Classes are taught six days a week, with Friday the only day off. Students range in age from 5 to adults in their 90s., Robinson said. Although the school originally started out focusing only on children, it soon expanded to include adults, and today about 90 of the 400 students are adults.
Robinson said that with many of the adults, a sort of pattern emerges. They are around the age of 40 or older, and they call the school explaining that they had a passion for drawing and painting when they were younger, and then life got in the way. “They come in and want to know if they can still do it,” he said.
Regarding the younger students, Robinson said that every five years aesthetics with kids change. “It was Harry Potter and wizards five years ago. We had a group of girls interested in drawing dragons, and others want to draw unicorns. Then Japanese animation took off. We try to find teachers well versed in those areas,” he said.

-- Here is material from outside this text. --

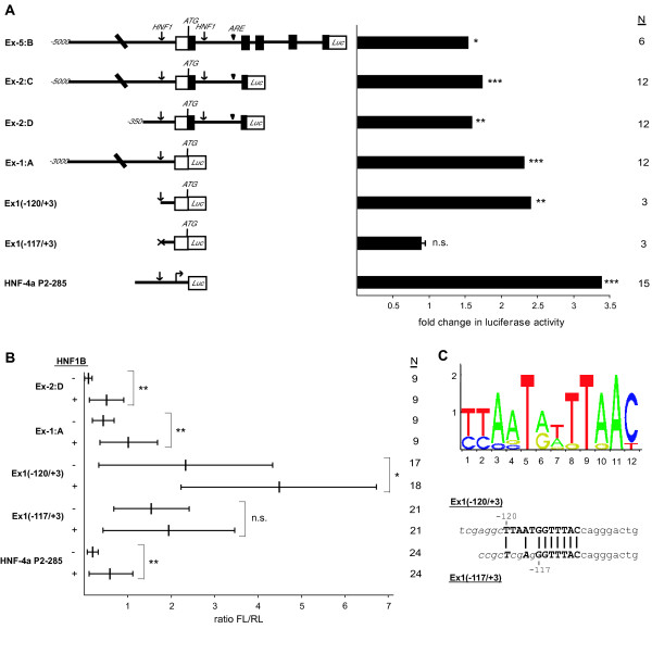 Figure 6. Functional identification of HNF1 binding sites in the promoter region of lhx1 in HEK293 cells and in animal caps. (A) HEK293(HNF1B) cells [45] were transfected with lhx1 gene firefly luciferase fusion constructs and HNF1B expression was induced by adding doxycycline. On the left panel schematic drawings of transfected lhx1 promoter luciferase fusion constructs (not to scale) are given. Lines represent promoter and intron regions, boxes are exons with protein coding (filled) or untranslated (open) regions (adapted from [42]). Arrows mark potential HNF1 binding sites identified by JASPAR [44]. The arrow head marks the ARE (activin response element) in intron 1 [42]. The Ex1(-120/+3) construct contains the complete HNF1 binding site in the promoter region of lhx1, whereas the binding site in the Ex1(-117/+3) construct is partially deleted (compare panel C). The HNF-4a P2-285 construct contains the P2-promoter of the HNF-4a gene which is regulated by HNF1B [46]. The fold change of luciferase activity of transfected constructs in doxycycline induced HEK293(HNF1B) versus untreated cells is given using the renilla luciferase reporter pRL-Con as an internal control. The Student's t-test was used and *, ** and *** refer to p-value of ≤ 0.05, ≤ 0.01 and ≤ 0.001, respectively and n.s. means not significant. N is the number of independent transfections made. (B) The luciferase reporter constructs (50 pg each) were tested in animal caps of controls or HNF1B (150 pg) injected embryos. The luciferase activity was measured in pools of four animal caps after four hours cultivation in Steinberg's solution. To calculate the increase of luciferase activity in HNF1B injected animal caps the ratio of firefly luciferase (FL) to renilla luciferase (RL) was used (FL/RL). The vertical line in the middle represents the mean and the small bars the standard deviation. Since experiments with different pools of animal caps were not comparable in quantitative terms, we used the Mann-Whitney-test to score significant differences. * and ** refer to p-value of ≤ 0.05 and ≤ 0.01, respectively and n.s. means not significant. N is the number of animal cap pools tested. (C) The upper panel shows the sequence logo of HNF1 binding site given in JASPAR [44] and the lower panel the sequences of the HNF1 binding site (capital letters) in Ex1(-120/+3) and Ex1(-117/+3) constructs. The vector sequence is indicated by italics.

A large number of students have gone on to win awards. “Over 150 Art Academy students have won prizes at the Minnesota State Fair,” Howard said. “One of our students, Fina Mooney, recently traveled to New York to attend her first group show at the celebrated Salmagundi Club. What makes this unique is that Fina, at age 13, is the youngest person in the world to win an award in the highly competitive Art Renewal Center’s International Salon Competition.”
Robinson cited another student, Molly Dekarski, who is preparing to go off to college to study art. “She put in the time, and little miracles started happening,” he said. “She really took to watercolors, and won all major prizes at the state fair, including the Compass Award, which is rarer than a grand prize.”
Howard said one of their current students, Selena, is from Islamabad, Pakistan. She was at an art conference and saw the woman next to her drawing. “Where did you learn to draw like that?” she asked. The woman replied, “St. Paul.”
Selena looked St. Paul up on a map and saw that it was a twin city to Minneapolis, where her uncle lived, according to Howard. “She moved to Minneapolis to stay with her uncle and attend classes here,” she noted.
Robinson said it is experiences and relationships like these that have enabled his school to continue operating for 25 years.
“Once you can get the students to understand they can draw well, their skill level goes straight up,” he commented. “They become so focused.”
As well as believing that any child or adult can learn to draw, the other core principle of the Art Academy is that art history matters. “If we’re going to be giving a figure class, we will research for months regarding how historically these were taught. That streamlines the teaching process.”
“We want people to leave here feeling like they really have a leap,” Robinson continued, “So we put in a lot of efforts behind the scenes to make that happen.”